Thursday, April 21, 2011

#8 - Surprised by Grace

I recently finished Surprised by Grace by Tullian Tchividjian.His name is a mouthful and in some respects so is the book but not in a bad way. The book is basically an exposition of the book of Jonah. I don't recall reading a book that was an exposition of a book of the Bible so the style was different than I am used to. But the content was insightful and convicting. I learned new things about the book of Jonah and how the Gospel applied to him as well as to me. Here are some gems:
  • When we sin, that something we choose to believe in is not no God, but ourselves as god. Like Adam and Eve, each time we sin we're choosing to be our own deity. We're placing ultimate trust in ourselves, not in our Creator and Savior and Lord.
  • Submitting self to God is the only real freedom-because the deepest slavery is self-dependence, self-reliance. When you live your life believing that everything (family, finances, relationships, career) depends primarily on you, you're enslaved to your strengths and weaknesses. You're trying to be your own savior. Freedom comes when we start trusting in God's abilities and wisdom instead of your own. Real life begins when we transfer our trust from our own efforts to the efforts of Christ.
  • Only the gospel can truly save you. The gospel doesn't make bad people good; it makes dead people alive. That's the difference between the gospel of Jesus Christ and every other world religion.
  • Through the gospel God counts your sins against Christ, not against you. He offers us acceptance based not on what we do or don't do, but on what Christ has already done. It's an acceptance that can neither be gained by our achievements nor forfeited by our failures. Nothing in this world can promise you such total acceptance and favor - nothing. And that's what makes grace so amazing.
  • God comes after Jonah not because he needs Jonah, but because Jonah needs God.
  • Quoting Jack Miller, 'Cheer up; you're a lot worse off than you think you are, but in Jesus you're far more loved than you ever could have imagined.
  • When we understand that our significance and identity are in Christ, we don't have to win - we're free to lose. The gospel frees us from the pressure to generate our own significance and meaning. In Christ, our identity and significance are secure, which frees us up to give everything we have, because in Christ we have everything we need.
  • If we aren't growing in our faith by learning more about God, there's only stagnation and decline.
  • What you choose to attribute ultimate worth to - what you choose to worship - depends on what you fear the most. If you fear loneliness, you worship relationships. You depend on them to save you from a meaningless life. If you fear not being accepted or esteemed, you worship your social network, the way you look, the car you drive, or the amount of money you make. You depend on these things to validate your existence.
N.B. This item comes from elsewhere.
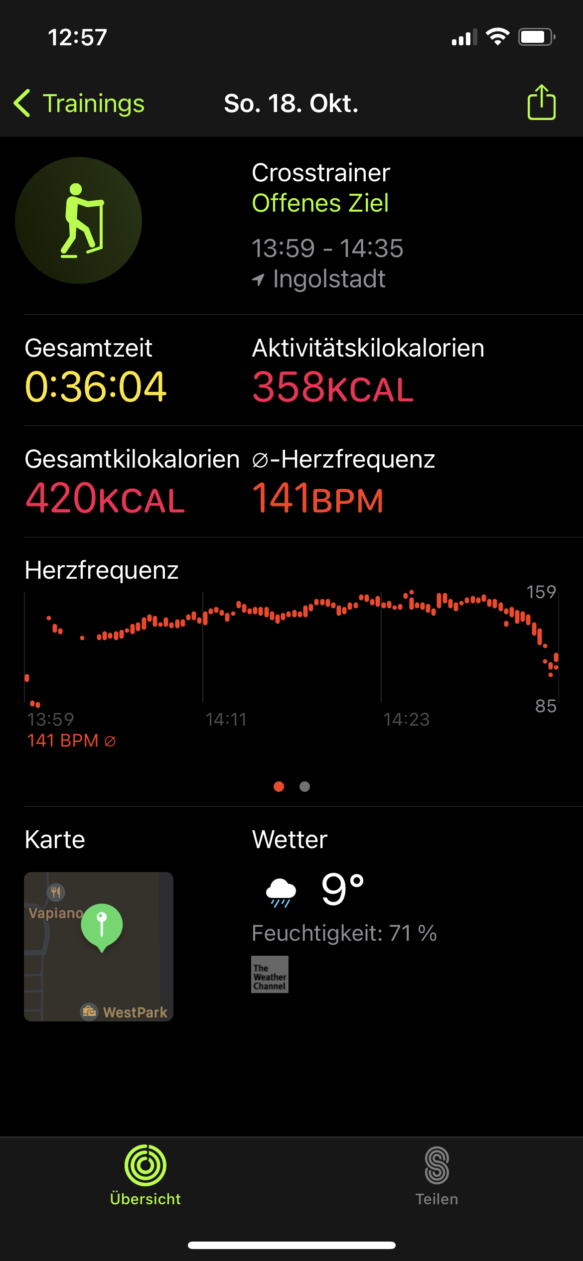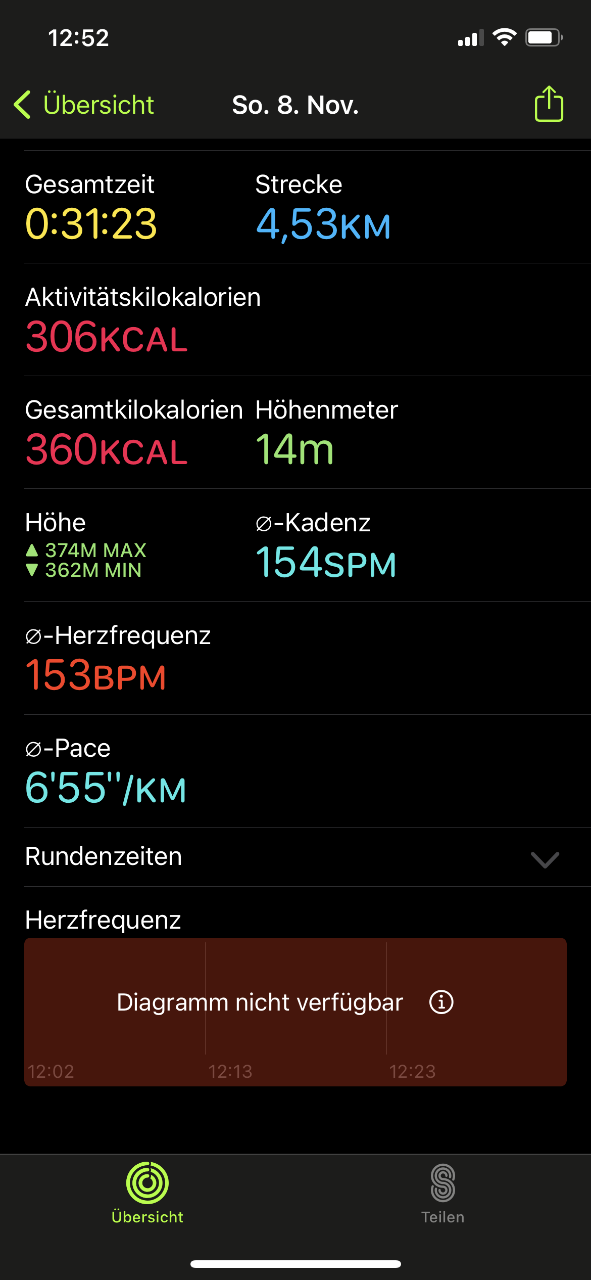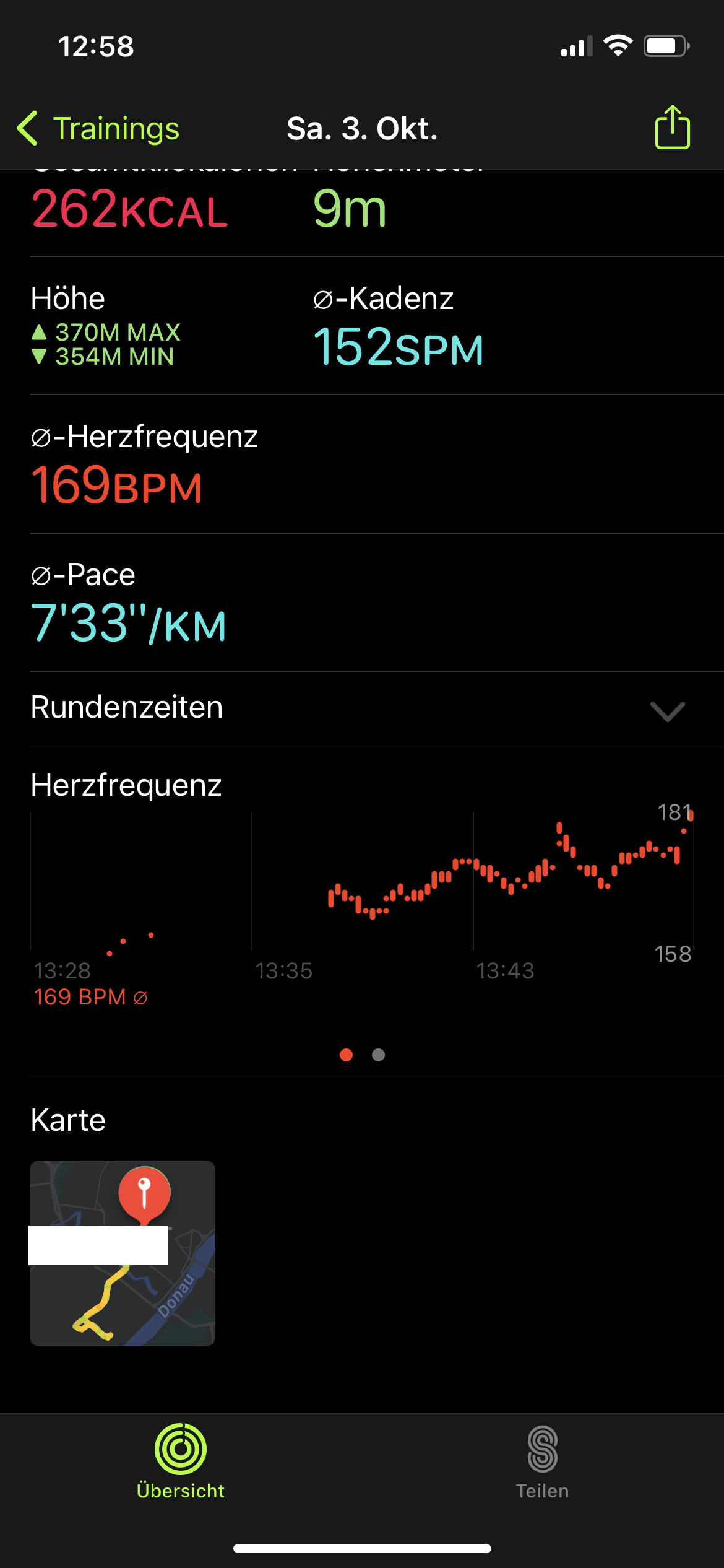 Wenn du die Training-App verwendest, misst die Apple Watch deine Herzfrequenz kontinuierlich während des Trainings sowie drei Minuten lang nach dessen Ende, um auch die Erholungsherzfrequenz nach dem Training zu ermitteln. Wenn deine Herzfrequenz nicht angezeigt wird, überprüfe die Einstellungen.

If you fear insignificance, you end up worshiping your career or your accomplishments.
  • Behind everything you worship is some fear that, without this person or thing, you'd be lost. Life wouldn't be worth living. Your fears cause you to attribute ultimate worth either to things such as success, reputation, family, relationships, or to God.
  • Idolatry is centering our attention and affection on something, or someone, smaller than God. In fact, most idols are good things in our lives that we turn into ultimate things, things that take God's place as we unconsciously depend on them to give our lives meaning and security.
  • The difference between living for God and living for anything else is that when we live for anything else we do so to gain acceptance, but when we live for God we do so because we are already accepted. Real freedom (the freedom that only the gospel grants) is living for something because we already have favor instead of living for something in order to gain favor.
In reviewing this book just now, I realized that there's a lot of really good stuff in there. I think the style through me off a bit, but the content is stellar Gospel centered doctrine that pierces through to the heart. I highly recommend it.